━━━ Records to process ━━━

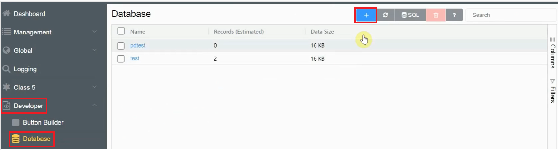 - Go to Developer > Database.
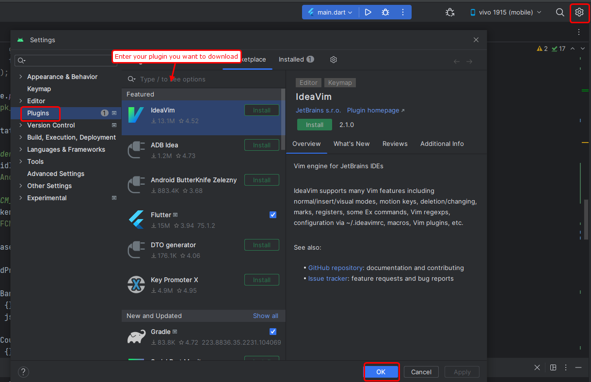- In the search bar within the pop-up, enter the names of the plugins you wish to install (as shown in the image below).
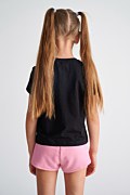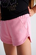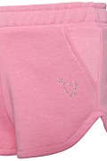 Παιδικό, μονόχρωμο, βαμβακερό φούτερ σορτς. Διαθέτει λάστιχο στη μέση για σταθερή εφαρμογή και πλαϊνές τσέπες. Διακοσμημένο με αστραφτερά στρας σε σχήμα καρδιά, στο μπατζάκι. Κοντό σε μήκος. Κανονική εφαρμογή.
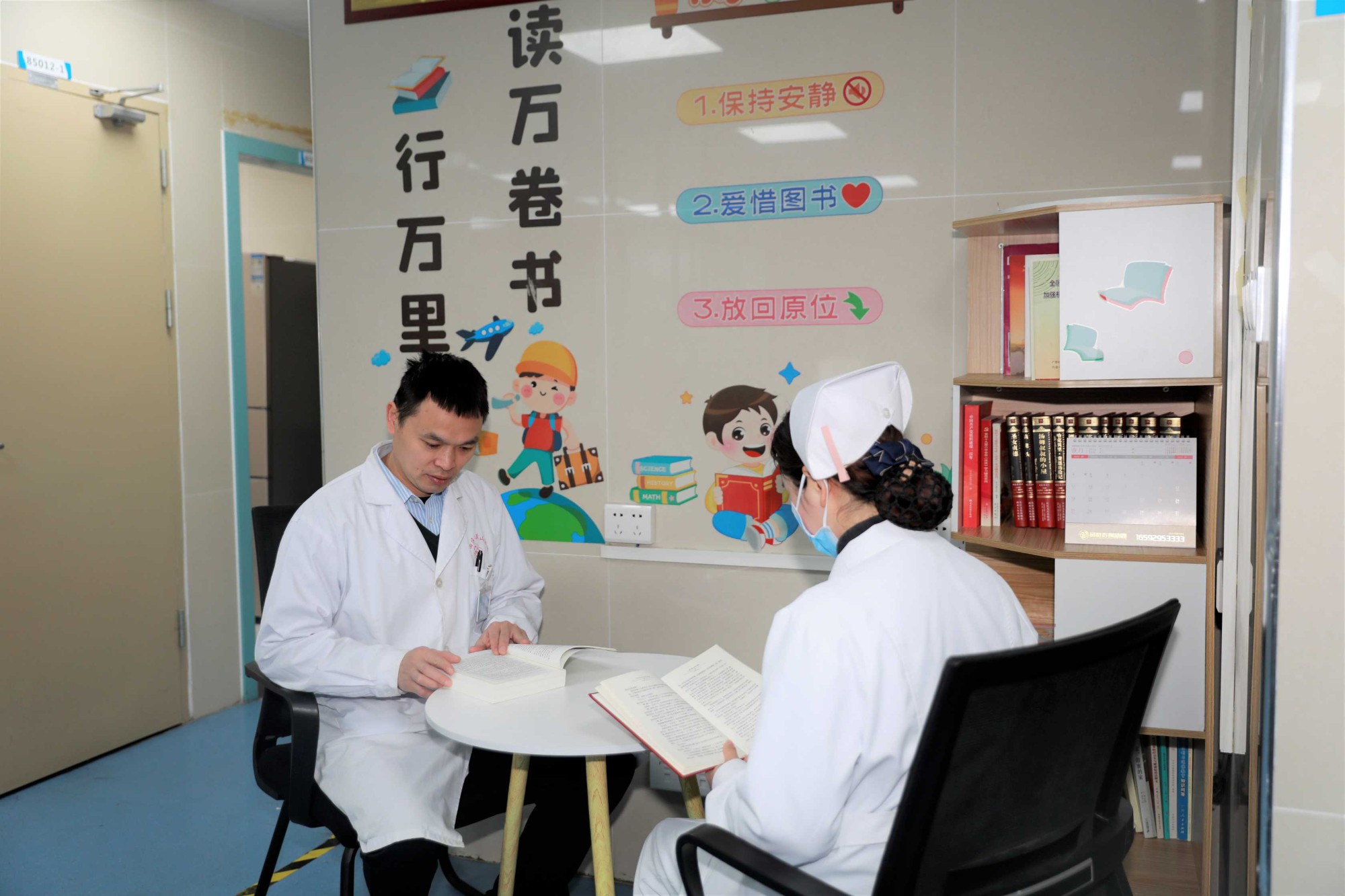 医院党委坚持“四高”策略,着力打造高质量读书阵地。目前,全院已建成包括“职工书屋”、广西桂林图书馆馆外流通点以及遍布各科室的“悦读角”在内的阅读空间近300平方米,藏书8000余册。这些阅读设施不仅服务于本院职工,也向患者及家属开放,有效改善了就医体验,在忙碌的诊疗工作间隙,医护人员常利用午休、交接班前后等碎片化时间,在“悦读角”翻阅书籍、交流心得,让书香浸润诊疗全程,切实体现了全民阅读设施的“普惠高效”和“便利性”。
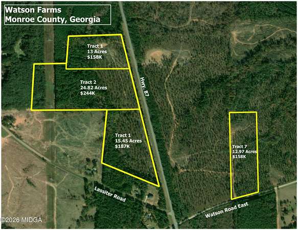 Est $1,380/mo15.45 Acre Estate Size Tract in Desirable North Monroe County. Great location just minutes away from Forsyth, Jackson and Lake Juliette. Numerous Homesites. Perfect for a mini farm or family compound.
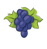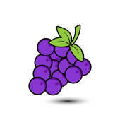 Fioletowe pyszne winogrona w płaskim, prostym stylu z czarnym obrysem. Ikona owoców, zdrowa żywność, przyroda i rośliny
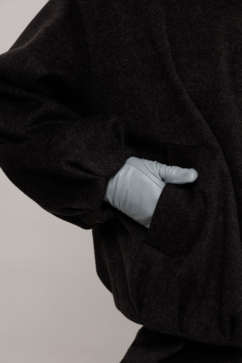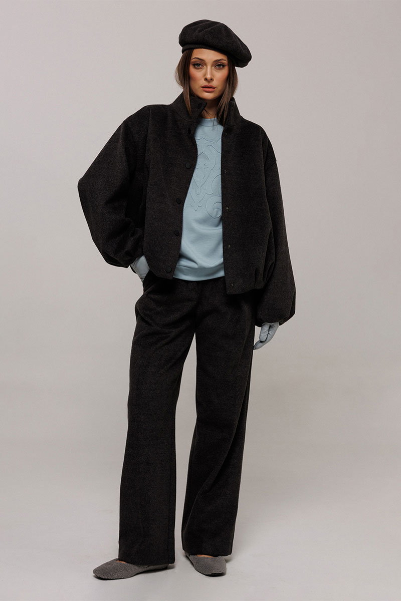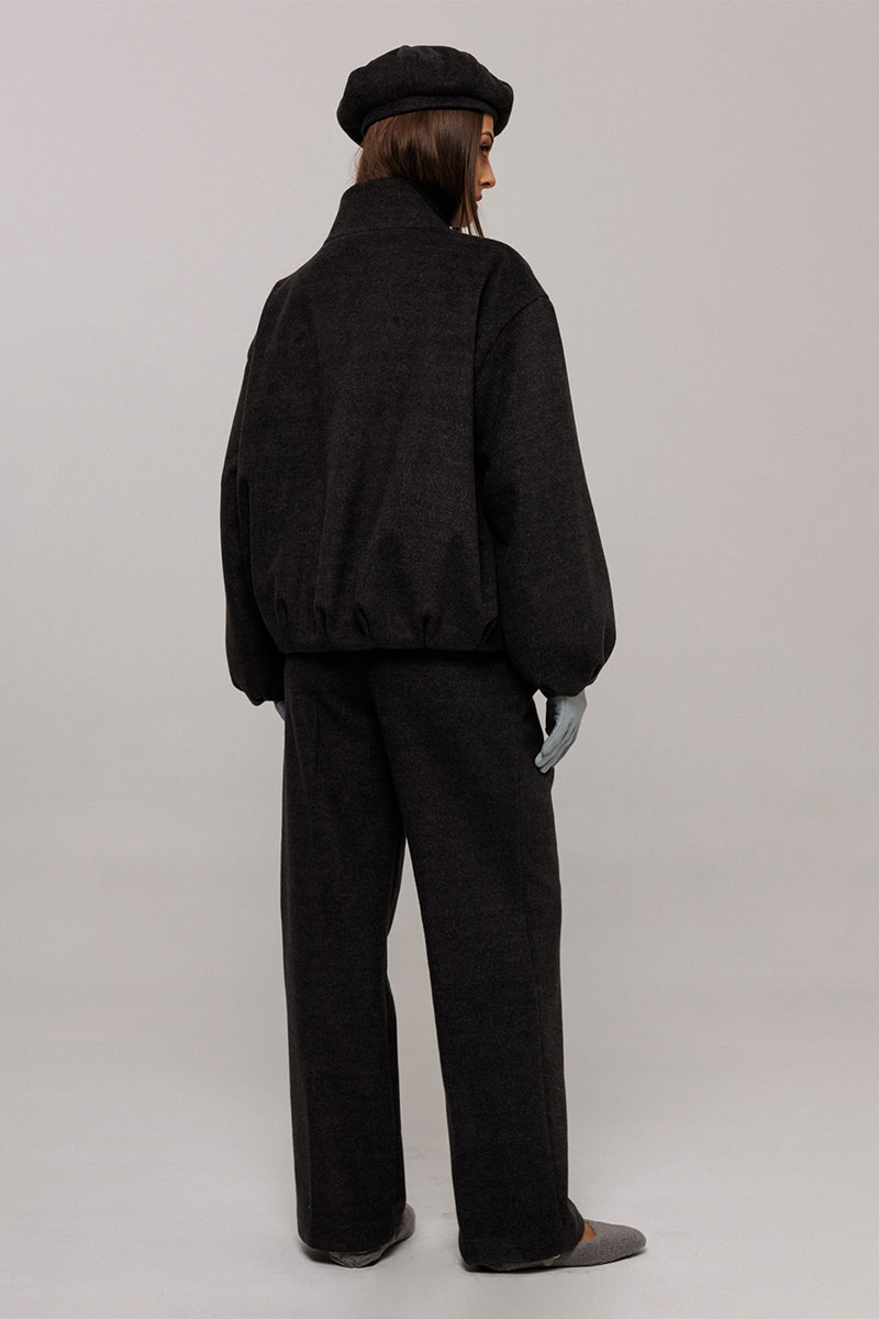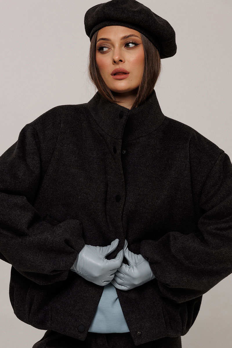 Куртка из пальтовой ткани прямого силуэта со спущенной линией плеча. Рукав втачной одношовнный внизу со складками. Полочка с центральной застежкой на кнопки и карманом-листочкой. Полочка и спинка внизу со складками. По горловине воротник-стойка с застежкой на кнопку. Куртка на подкладке.
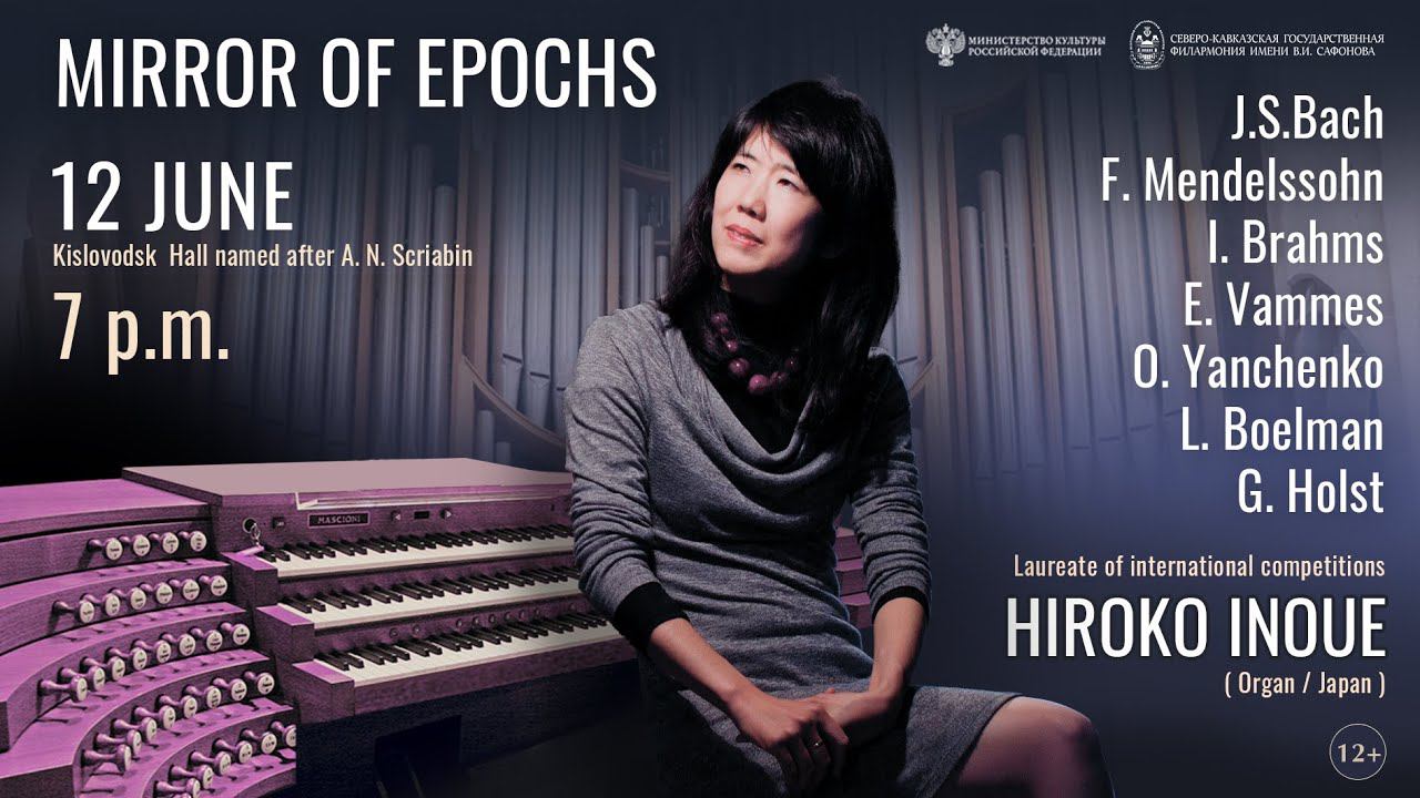 И.С Бах: Хоральная обработка «Господь Христос, Единственный сын Бога» из кантаты BWV 22 И.С Бах: Фантазия и фуга соль минор BWV 542 Ф .Мендельсон: Прелюдия и фуга до минор Й. Брамс: Хоральные прелюдии «Всем сердцем радуюсь», «Роза расцвела», «Всем сердцем стремлюсь я к блаженной кончине» Л .Боэльман: «Готическая сюита» Э. Ваммес: Зеркало О. Янченко: Медитация Г. Холст: : «Юпитер, приносящий радость» из цикла «Планеты» Лауреат международных конкурсов Хироко Иноуэ (Орган/Япония) Hall named after A. N. Scriabin "Mirror of eras" I.S. Bach, F. Mendelssohn, I. Brahms, E. Wammes, O. Yanchenko, L. Boelmann, G. Holst Laureate of international competitions Hiroko Inoue (Organ/Japan) Sala que lleva el nombre de A. N. Scriabin "Espejo de eras" ES. Bach, F. Mendelssohn, I. Brahms, E. Wammes, O. Yanchenko, L. Boelmann, G. Holst Laureado de concursos internacionales Hiroko Inoue (Órgano/Japón)

━━━

Your objective
Reproduce, without alteration and without pictures, only those lines that lie between the first line of the entries above and the line containing "Куртка из пальтовой", both of them included.

Solution below
 - Go to Developer > Database.
- In the search bar within the pop-up, enter the names of the plugins you wish to install (as shown in the image below).
 Παιδικό, μονόχρωμο, βαμβακερό φούτερ σορτς. Διαθέτει λάστιχο στη μέση για σταθερή εφαρμογή και πλαϊνές τσέπες. Διακοσμημένο με αστραφτερά στρας σε σχήμα καρδιά, στο μπατζάκι. Κοντό σε μήκος. Κανονική εφαρμογή.
 医院党委坚持“四高”策略,着力打造高质量读书阵地。目前,全院已建成包括“职工书屋”、广西桂林图书馆馆外流通点以及遍布各科室的“悦读角”在内的阅读空间近300平方米,藏书8000余册。这些阅读设施不仅服务于本院职工,也向患者及家属开放,有效改善了就医体验,在忙碌的诊疗工作间隙,医护人员常利用午休、交接班前后等碎片化时间,在“悦读角”翻阅书籍、交流心得,让书香浸润诊疗全程,切实体现了全民阅读设施的“普惠高效”和“便利性”。
 Est $1,380/mo15.45 Acre Estate Size Tract in Desirable North Monroe County. Great location just minutes away from Forsyth, Jackson and Lake Juliette. Numerous Homesites. Perfect for a mini farm or family compound.
 Fioletowe pyszne winogrona w płaskim, prostym stylu z czarnym obrysem. Ikona owoców, zdrowa żywność, przyroda i rośliny
 Куртка из пальтовой ткани прямого силуэта со спущенной линией плеча. Рукав втачной одношовнный внизу со складками. Полочка с центральной застежкой на кнопки и карманом-листочкой. Полочка и спинка внизу со складками. По горловине воротник-стойка с застежкой на кнопку. Куртка на подкладке.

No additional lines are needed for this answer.